Существует мнение, что окончательное обращение Евстафия в христианство в Картли
означало его "огрузинивание". Такая эволюция самосознания иноплеменников в Грузии,
как и в других этноконфессиональных общностях, исторически подтверждается, и об
ее закономерностях мы выше уже говорили. Действительно, одной из причин неприятия
Евстафием "веры иудеев" было непонимание им их языка. Следовательно, перс
Евстафий—Гиробандак должен был знать богослужебный язык (в контексте данного жития
— грузинский) принимаемой им религии. Здесь явно звучат отголоски одного из главных
предписаний паулинизма, учения "Христа у язычников" (Рим. XV, 16; I Кор XIV, 2—39).

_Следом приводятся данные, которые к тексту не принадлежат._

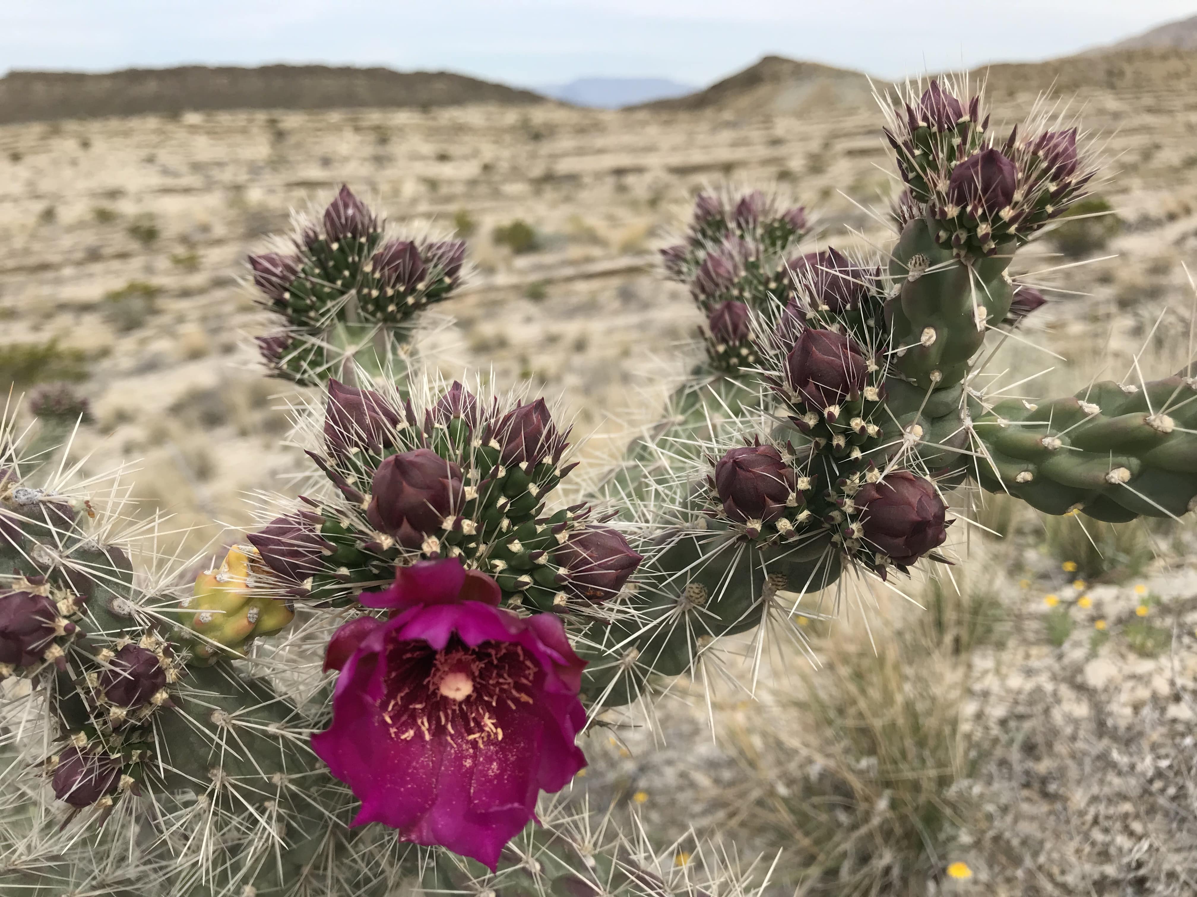 Nous nous retrouvons au coeur du désert de Chihuahua, l’un des plus grands d’Amérique du Nord, qui rassemble sur son territoire pas moins de trois écosystèmes : montagnes, désert et fleuve. Mais quand je parle de désert ici, oubliez cette image stéréotypée des vastes étendues stériles, avec trois cailloux et un cactus assoiffé qui essaie de survivre. Big Bend, au contraire, c’est le désert où la vie est reine. La faune et la flore sont d’une richesse spectaculaire. Big Bend National Park, c’est plus de 1 200 espèces d’oiseaux, 75 espèces de mammifères, 56 espèces de reptiles et tout autant d’insectes. L’écho des bourdonnements dans les canyons et vallées est un concert unique. C’est également une flore exceptionnelle avec plus de 1 200 espèces de plantes et fleurs. Nous n’avions jamais vu autant de cactus en fleurs avec une telle variété de couleurs. Les montagnes Chisos, si particulières et difficilement descriptibles, sont à couper le souffle. Selon la légende, les Indiens pensaient qu’après avoir construit la Terre et le Ciel, le Créateur avait jeté là ses rochers inutilisés. Nous avons traversé ce parc du nord au sud et de l’est à l’ouest. À perte de vue, les paysages sont phénoménaux, la nature majestueuse, les vallées luxuriantes et les canyons grandioses.

Но в данном конкретном случае мы имеем дело с фактом вступления Гиробандака—Евстафия
лишь в конфессиональную общность с грузинами (картлийцами). Он говорит о
своем приобщении не к грузинам, а к "христианскому миру", выразительно названному
в оригинале "христианети", что, безусловно, было местным выражением византийской
идеи "христианской империи" — ImperiumChristianorum.

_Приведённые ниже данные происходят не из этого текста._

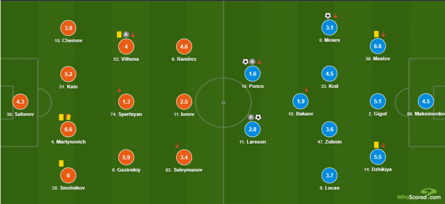 Во время одного из таких вовлечений случился первый гол в матче - Айртон перехватил мяч, отдал его Бакаеву, а тот зрячим забросом направил мяч дальше Ларрсону. Швед развернулся, и отдал Понсе - 0:1

Исследователи текста "Страстей св. Евстафия Мцхетского", естественно, уделяли
особое внимание тем письменным памятникам древности, на основании которых
аноним создал систему взглядов своего героя. Ныне уже можно считать выясненным,
что он пользовался такими трудами поздней античности, которые могли быть направлены
в защиту основ христианства, в частности, в борьбе с маздеизмом, наиболее активным
его соперником в Закавказье в раннем средневековье, несущим реальную опасность
этнокультурного вырождения местных народов. Известно, что для обоснования пропаганды
своих взглядов грузинский автор широко использовал "Апологию" популярного афинского
философа II в. н. э. Аристида. Современный исследователь Б. И. Киланава считает,
что составитель жизнеописания Евстафия апеллировал также к труду раннехристианского
апологета Татиана "Диетессарон". В доказательство автор приводит отсутствие евангельских
рецепций в монологах Евстафия (точнее, автора мартиролога), в которых, как и в
сочинении Татиана, нет упоминания о "детстве Христа"; кроме того, в грузинском
мартирологе "земная деятельность" Христа завершается "очищением" Иерусалимского
храма, и этим он напоминает аналогичный пассаж из "Диетессарона"; сюда же исследователь
относит общие для грузинского произведения и труда Татиана рассказы о "воскресении"
и "вознесении" Христа, а также о деяниях апостолов. Не лишено убедительности
и высказывание Киланава о следах в труде грузинского анонима известного в
древности сочинения под названием "Учение двенадцати апостолов" ("Дидахе"), которое
"применялось в церковных школах на Востоке".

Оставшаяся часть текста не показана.